I also got this one:
Invalid Request
Which is much longer, but even though it's the same company and same everything, I couldn't get it to work. I probably just had one wire wrong, I plan to attempt it again. It gives you almost 2 inches where the beam could be though, then just move it back and forth and it gives a nice snapshot.

Webcam CCD's are of course cheap, and my last test shows they have potential, but as you said again, we'd need a professional beam profiler to compare against.

Anyway, i'm not sure how much more time i'm going to spend on this, the linear sensor should do what I need with a cheap gel filter. The profile I need doesn't need to be perfect, or even close, just a rough image to modify the focus with, or really just verify the focus, and throw an error if the machine isn't focused properly.
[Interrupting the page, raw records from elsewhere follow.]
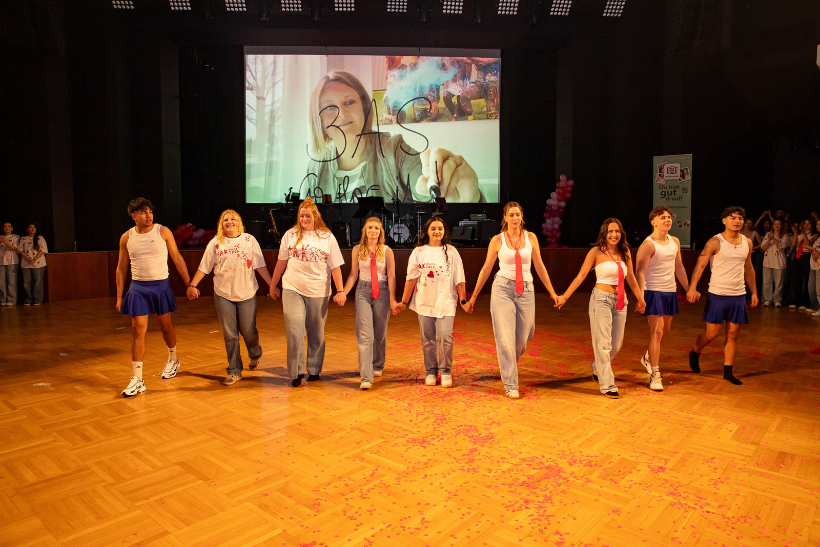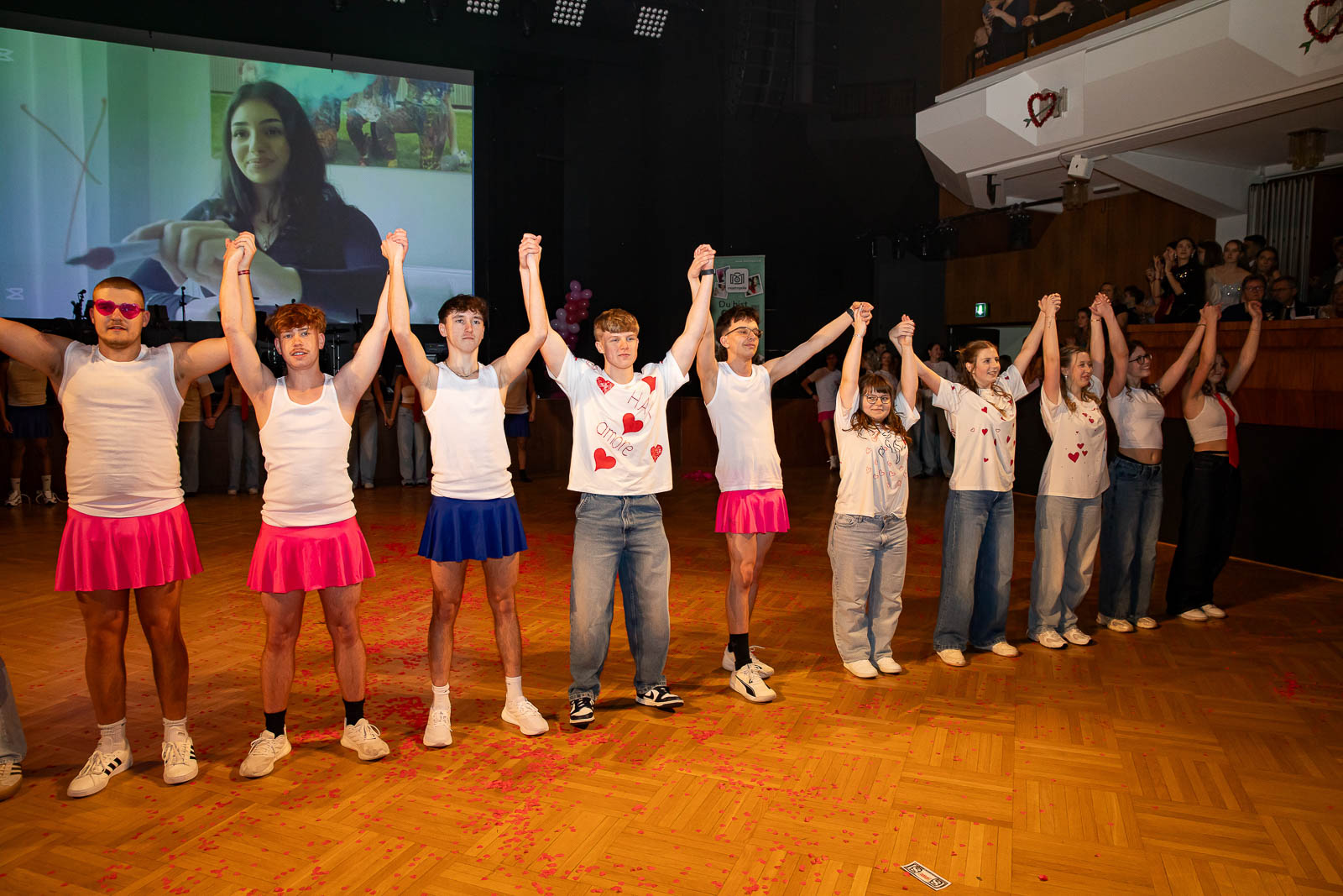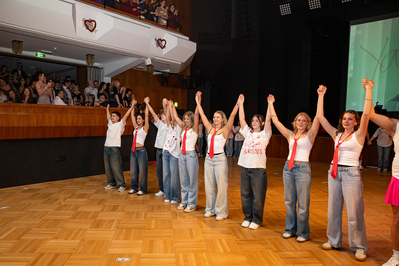 Schlag Mitternacht gehörte die Bühne ganz der Liebe: Die Schülerinnen und Schüler der Abschlussklassen präsentieren eine herzerwärmende Valentinstags-Show, in der sie mit Engagement, kreativen Choreografien, mitreißender Musik und originellen Videoeinspielungen für einen unterhaltsamen Höhepunkt des Abends sorgten. Choreografiert und einstudiert wurde die Mitternachtseinlage wurde von Sophia Balhi.
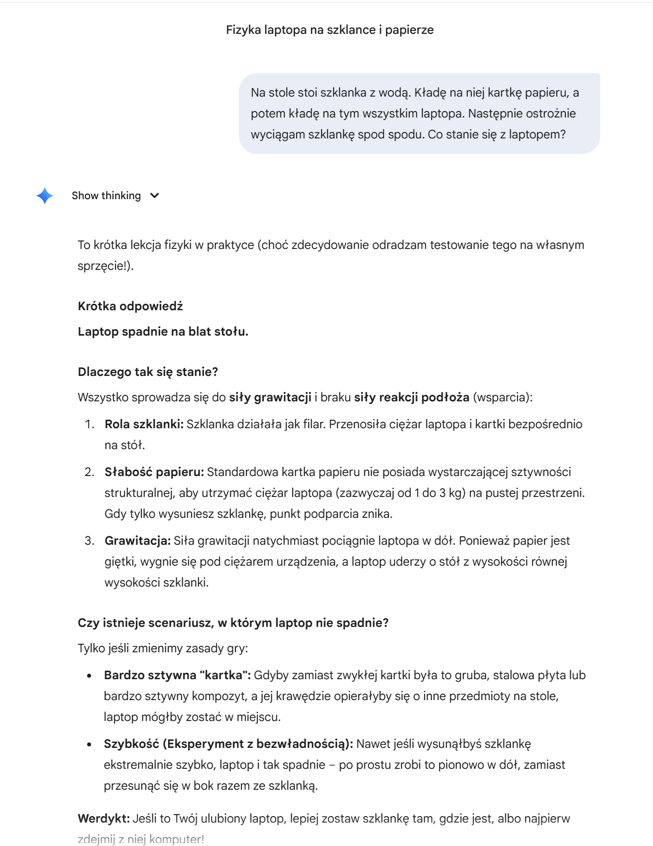 „Na stole stoi szklanka z wodą. Kładę na niej kartkę papieru, a potem kładę na tym wszystkim laptopa. Następnie ostrożnie wyciągam szklankę spod spodu. Co stanie się z laptopem?”
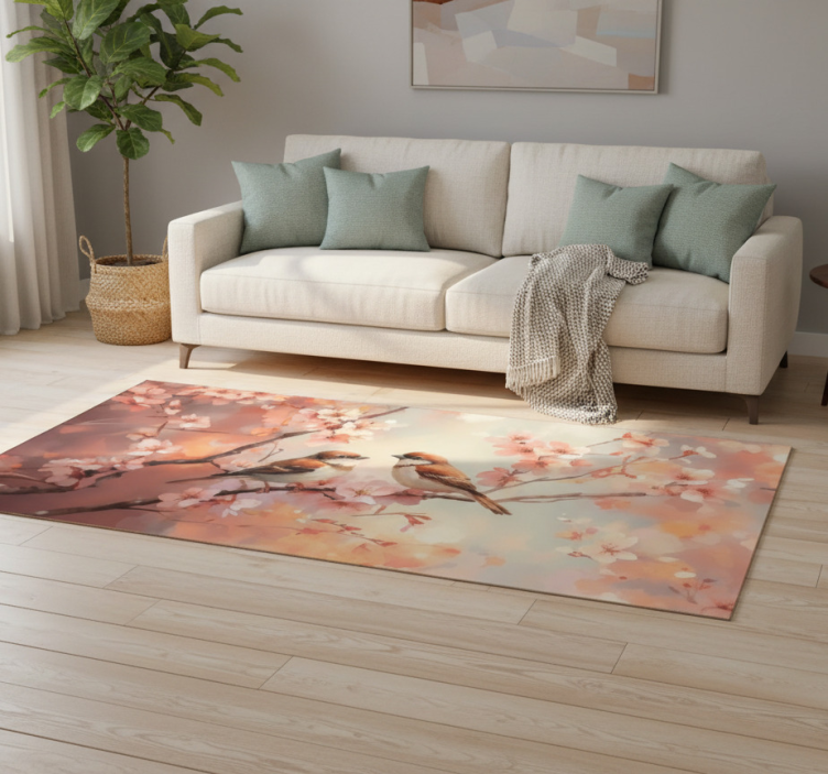 Vinilinis kilimas svetainei dviem paukščiais ant šakos
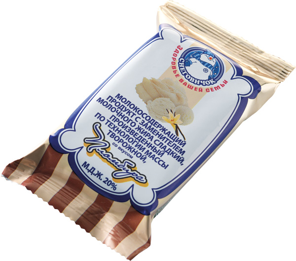 Состав продукта: молкосодержащий продукт с з.м.ж., произведённый по технологии творога, сахар, наполнитель, ароматизор.
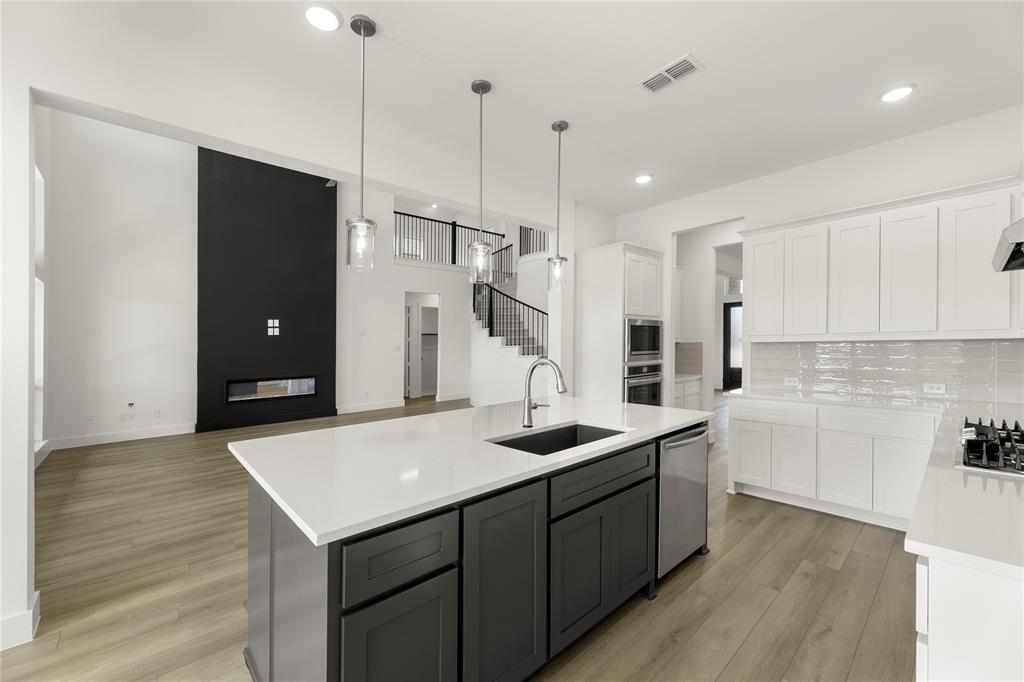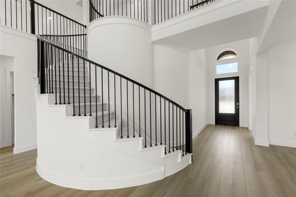 MLS# 20879069 - Built by First Texas Homes - Ready Now! ~ Unlock Up To $20K in Closing Cost Assistance for Qualified Buyers on Select Inventory Homes!Limited time offer—ask a Sales Consultant for details!Step into luxury with this beautifully designed home, perfectly nestled in a quiet cul-de-sac. From the moment you arrive, you'll notice the upgraded brick and mortar, an elegant front door, and a grand raised family room ceiling for an open and airy feel. The fireplace extends to the ceiling, adding warmth and sophistication.Inside, enjoy the seamless flow of luxury vinyl plank flooring throughout the main living areas, including the entry, extended entry, study, flex room, family room, kitchen, nook, pantry, hallway, and primary suite. The curved staircase makes a statement with its wood starter step, while a floor plug in the family room adds convenience.The gourmet kitchen is a chef’s dream, featuring shaker-style cabinetry with extra storage up to the ceiling, gleaming quartz countertops, and a trio of stylish pendant lights. An extended dining room adds even more space for hosting memorable gatherings.The primary suite exudes elegance with framed mirrors and spa-like finishes, while the media room sets the mood with custom sconces. Step outside to a beautifully upgraded patio, perfect for outdoor entertaining. Every detail of this home has been carefully curated for style and function—schedule a tour today and experience it for yourself!
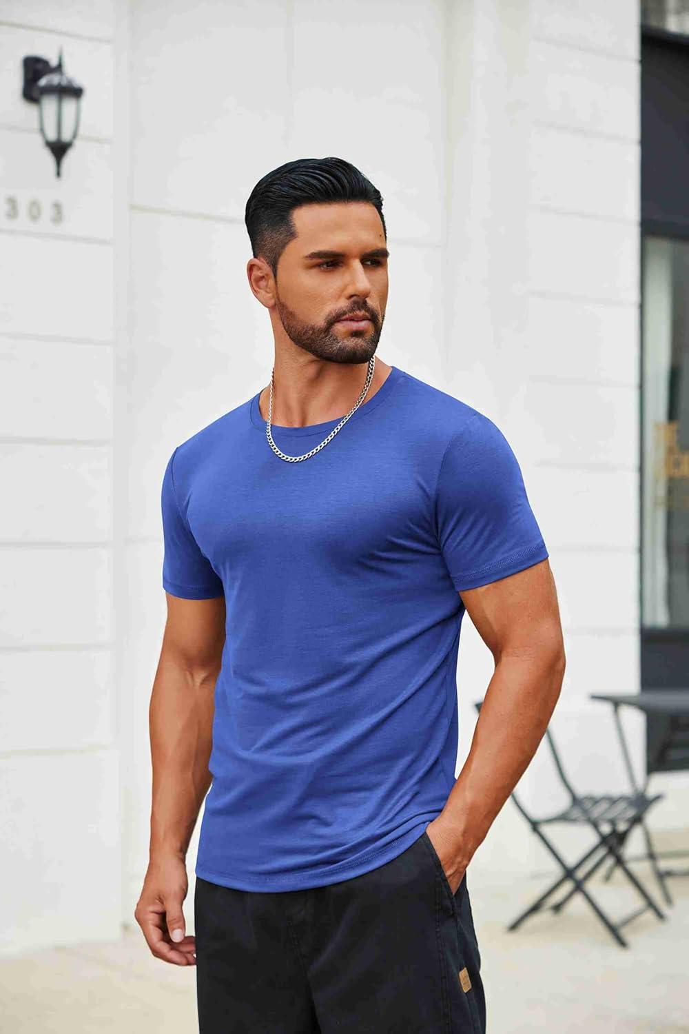 COOFANDY Men’s T Shirt Short Sleeve Crew Neck T-Shirts Casual Summer Classic Basic Tees(Denim Blue)

If there was a small photo scanner, the linear sensor wouldn't be that long, maybe 4 or 5 inches, and it should have super high resolution. Hacking it might be a pain, but it probably works much like the sensor I linked to above, but figuring out the pins is a pain. Would get you better then 400dpi though, like the sensor I have. Course the c920 webcam has about 6400dpi, since the CCD is only 0.2" wide, actually i wasn't capturing at the highest resolution, so I guess it's even higher then that. Pretty decent though if I can get a filtering technique down.